== Segment start ==
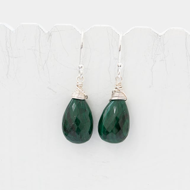 The forest green swirling layers in these AAA grade Malachite briolettes are absolutely typical of this gemstone and mesmerisingly beautiful. The rich dark green contrasts with the sterling silver wire, which has been wrapped by hand in Cornwall, in my studio overlooking Mount's Bay in the far West.
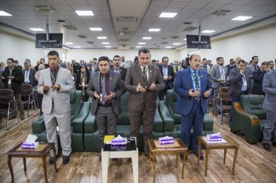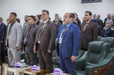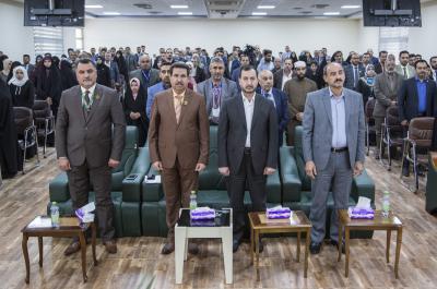بعد ذلك ابتُدئت الفترة الثانية التي تضمّنت الحفل الختاميّ للمؤتمر الذي احتضنته القاعةُ المركزيّة للجامعة، واستُهِلَّ بتلاوة آياتٍ من الذكر الحكيم ألقاها قارئ العتبة العبّاسية المقدّسة مسلم عقيل سلطان، أعقبتها قراءةُ سورة الفاتحة ترحّماً على أرواح شهداء الحشد الشعبي وقوّاتنا الأمنيّة ومن ثمّ الاستماع الى النشيد الوطنيّ العراقيّ ونشيد العتبة العبّاسية المقدّسة الموسوم بـ(لحن الإباء).
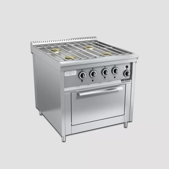 Габариты: 800х900х850 мм. Мощность: 32 кВт. Подключение: газ. Расход газа: прир (сжиж)-3,27(2,54)м3⁄ч (кг/ч). Плита из нержавеющей стали с 4-мя горелками по 6 кВт, съёмной решеткой из нержавеющей стали, газовым духовым шкафом GN2/1, газконтроль, работа на природном или сжиженном газе, герметичная столешница, ножки плиты регулируются по высоте.
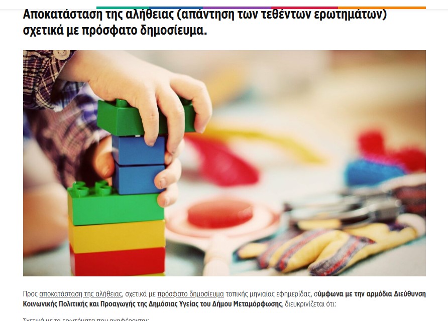Προς αποκατάσταση της αλήθειας, σχετικά με πρόσφατο δημοσίευμα τοπικής μηνιαίας εφημερίδας, σύμφωνα με την αρμόδια Διεύθυνση Κοινωνικής Πολιτικής και Προαγωγής της Δημόσιας Υγείας του Δήμου Μεταμόρφωσης, διευκρινίζεται ότι:
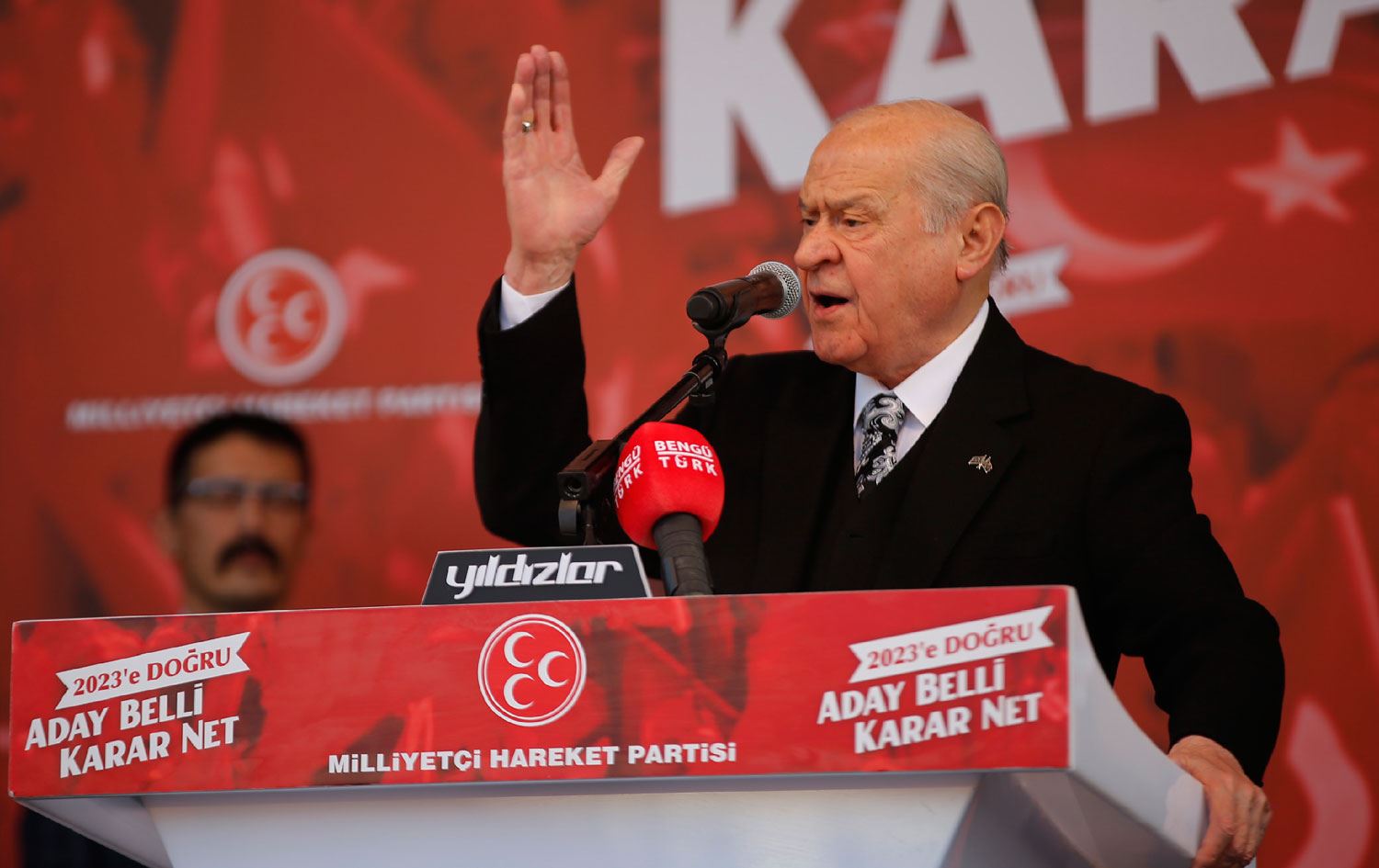 Erbil (Rûdaw) - Elazığ'da, partisinin "Aday Belli, Karar Net" mitinginde konuşan MHP lideri Devlet Bahçeli, “Anayasa Mahkemesi tarafından HDP'nin kapatılması da mutlak mecburiyettir” dedi.
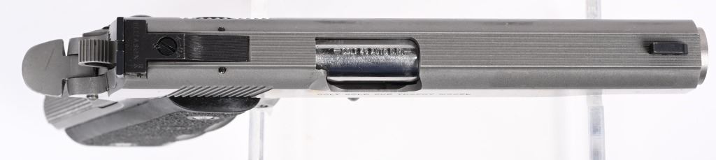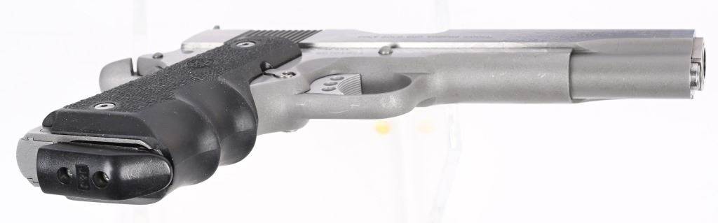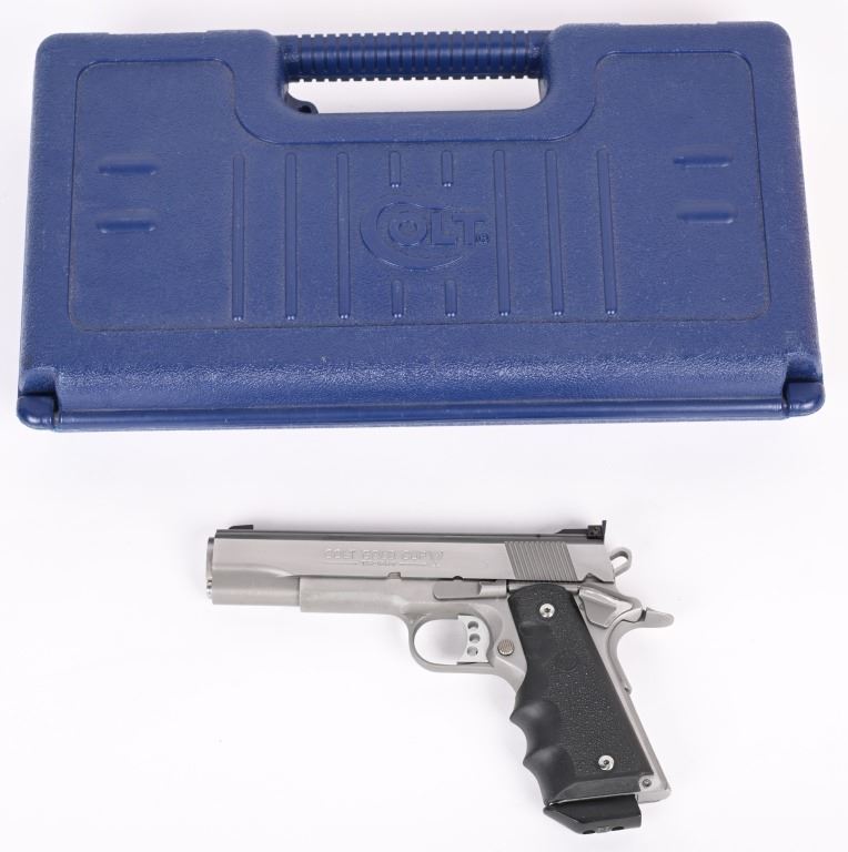 SERIAL NUMBER: GCT01924. BARREL: 5". CALIBER: .45 ACP. MANUFACTURED: 1997. Standard markings. Blade front sight and adjustable u-notch rear. polished stainless steel finish. Hogue rubber grips. Includes a Wilson Combat eight round magazine and a J&J seven round mag. Serial matching hard case and manual is included as well. CONDITION: Metal is very good-excellent overall with a few minor handling marks and scratches. Grips are excellent. Bore is shiny and crisp. Fine mechanics. Magazines have a few light scratches. Case is excellent. MODERN
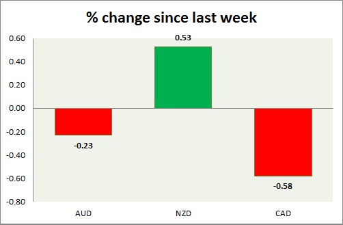 Strength meter (since last week) – Aussie -0.23%, Kiwi +0.53%, Loonie -0.58%
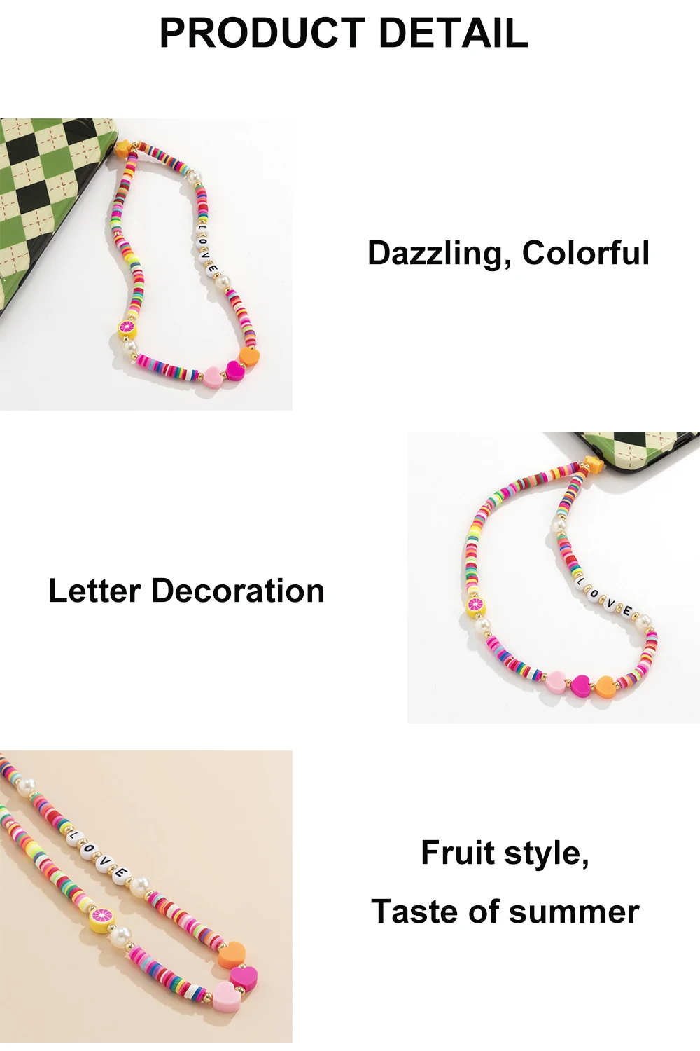 Новые модные яркие бусины в форме фруктов и сердца, искусственные акриловые бусины ручной работы с защитой от потери, шнурок с подвеской для женщин и девушек
== Segment end ==
Task requirements. Go back to the line that contains "Strength meter (since" and copy it, along with each line after it through the end of the listing above, exactly and without pictures.

Solution.
 Strength meter (since last week) – Aussie -0.23%, Kiwi +0.53%, Loonie -0.58%
 Новые модные яркие бусины в форме фруктов и сердца, искусственные акриловые бусины ручной работы с защитой от потери, шнурок с подвеской для женщин и девушек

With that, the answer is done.